City approves deal for Bonsai

Firm gets incentives to build GJ facility

Calling it a shot in the arm toward making the city a pearl in the recreation industry nationwide, the Grand Junction City Council approved an incentive package for Bonsai Design Wednesday night to locate in a soon-to-be-built business park at Las Colonias Park.

After the idea stalled three previous times before the council, it voted 6-1 to offer the company not only $1 million to help build a new facility at the park located on Riverside Parkway, but also waive about $79,000 in construction fees and offer a 10-year rebate on real property taxes.

In exchange, the business that installs zip lines across the nation would put up the remaining $1 million to construct its new home and pay $20,000 a year in rent for the next 25 years. They’ll also construct one of their zip lines that will stretch across the Colorado River near their future home.

While Councilor Duncan McArthur, who cast the lone dissenting vote, said it was inappropriate for the city to provide a “subsidy” to an existing business, the rest of the council said it makes sense to retain and help that business expand.

Mayor Rick Taggart said he was fully behind not only the incentive package for Bonsai, but the entire concept of the business park, which is part of a larger effort to revitalize the riverfront area and boost economic development in the Grand Valley as a whole.

“The positives are really high on my part, but there is one negative, and that negative is jealousy,” Taggart said. “Had this type of vision existed (years ago) I would have never sold my business.” Taggart formerly owned and later sold the outdoor company Marmot Mountain Works. 

In partnership with the Downtown Development Authority, the Bonsai agreement is the first step toward creation of a business park on city-owned land east of the new amphitheater recently built at Las Colonias Park.

The vision is to turn the entire area into a destination not only for city residents to play, but also to work, all centered on the concept of focusing the city’s economic development on the recreation industry.

As a result, the eight or nine other businesses that officials imagine would locate at the business park also would be from that industry, said City Manager Greg Caton.

The agreement calls on Bonsai — which is to add 15 more people to the 21-person staff it already employs here — to help get those businesses to the park.

“We are focused on creating a next-generation business environment with direct access to the outdoors, to open park spaces and to the riverfront,” said Thaddeus Shrader, chief executive officer of Bonsai Design. “We believe that by building this outdoor life-work-play focal point for the Grand Valley, we can increase the perceived value of our town and what it has to offer.”

Several others also spoke out in favor of the Bonsai agreement specifically and the business park plan in general, including Tim Fry, chairman of the Grand Junction Economic Partnership, which helped craft the agreement.

Fry said with this project the community is set to become the next outdoor recreation hub.

“As a business owner, I always tell our salespeople to retain our customers because it’s much easier to do that than find new ones,” Fry said, referring to the incentive package for an existing business. “This business park that is aimed directly at outdoor rec is a vision for this community.
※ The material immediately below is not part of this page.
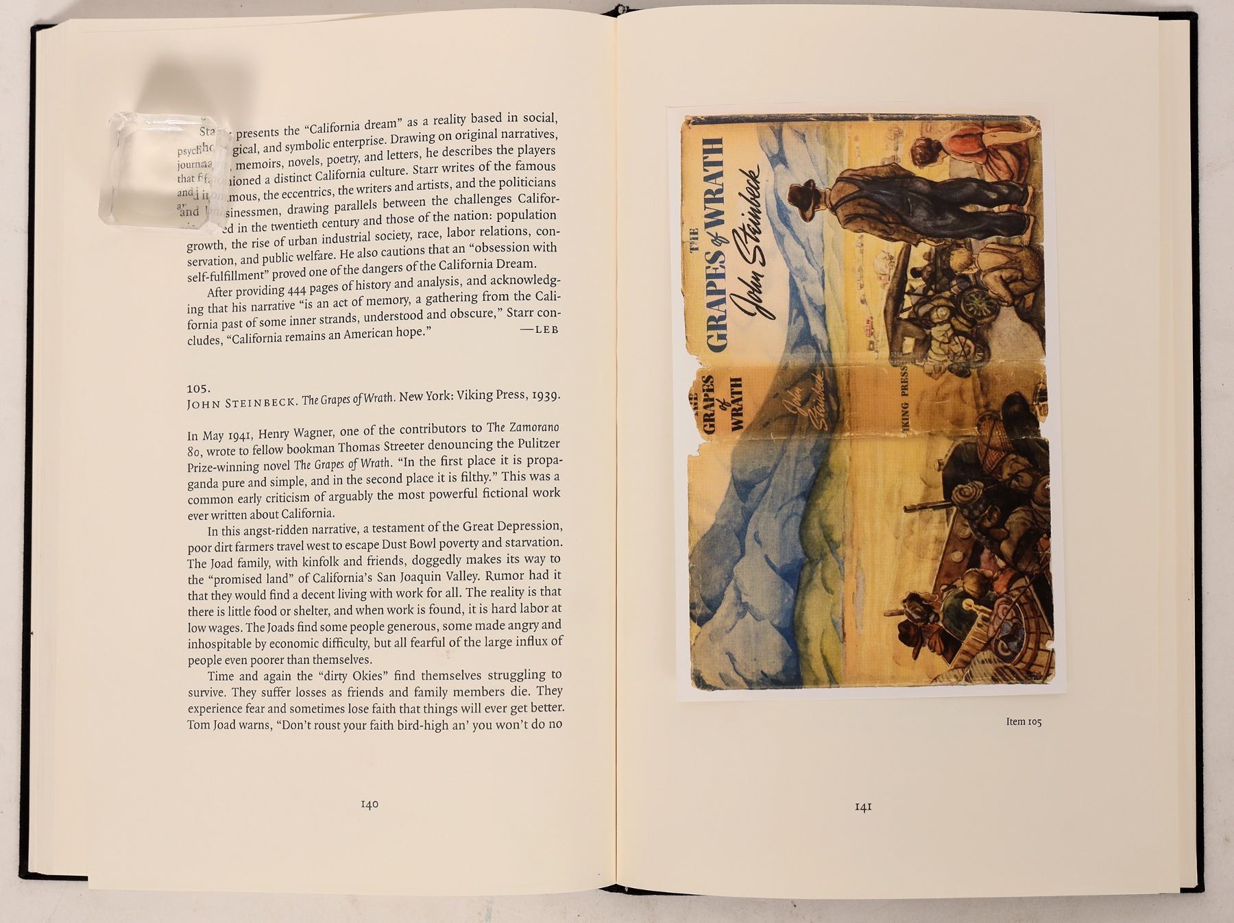 In 1945 a small group of nationally known historians and bibliographers completed their work on a small book they said represented the cornerstones of any real collection of Californiana. These men were members of the Zamorano Club and their book was the Zamorano 80. Much of the original Zamorano 80 dealt with the period in California's history up to about 1870. Included in this lot of two are: 1. The Zamorano 80 Revisited, a Collector's Update of a Classic Work, Gordon J. Van De Water, 2010, 513 pp. 9.25 x 6 in., dust jacket, fine; and 2. The Zamorano Select, a 2010 publication by members of the Zamorano Club, featuring titles and descriptions of 120 volumes they believe will help explain how California became the dominant state in the U.S. in the 20th and 21st centuries. Limited edition, 350 copies, with illustrations, 169 pp., 9 x 6 in, fine.

This (agreement) is a message to the outdoor rec industry that Grand Junction is open for business.”

Andy Daly, managing partner of Powderhorn Mountain Resort, said he came down off the Grand Mesa to encourage the council to approve the agreement.

“This whole Las Colonias adds a wonderful dimension to our city,” Daly said. “I couldn’t applaud you and the city staff more for having the vision and the sense of creativity and excitement to make this park really something. It’s a real motivation for businesses to locate here.”

The council approved several other items related to the entire project, including awarding a $530,000 construction project to install a turn lane on both directions of Riverside Parkway to improve access into the park.

That construction project had been in the city’s long-range plan, but city officials decided to recommend it now because of the focus on the business park, and the savings the city realized from resurfacing First Street, which came in under budget, Caton said.

The council also authorized the city to apply for two state grants related to the project. One would be a $1 million matching grant to the Colorado Department of Local Affairs to help build infrastructure in the business park, and the other is a $1 million application to Great Outdoors Colorado for an Inspire Initiative grant, a state program aimed at inspiring youth to spend more time outdoors. Part of that grant would go to recreational improvements at Las Colonias.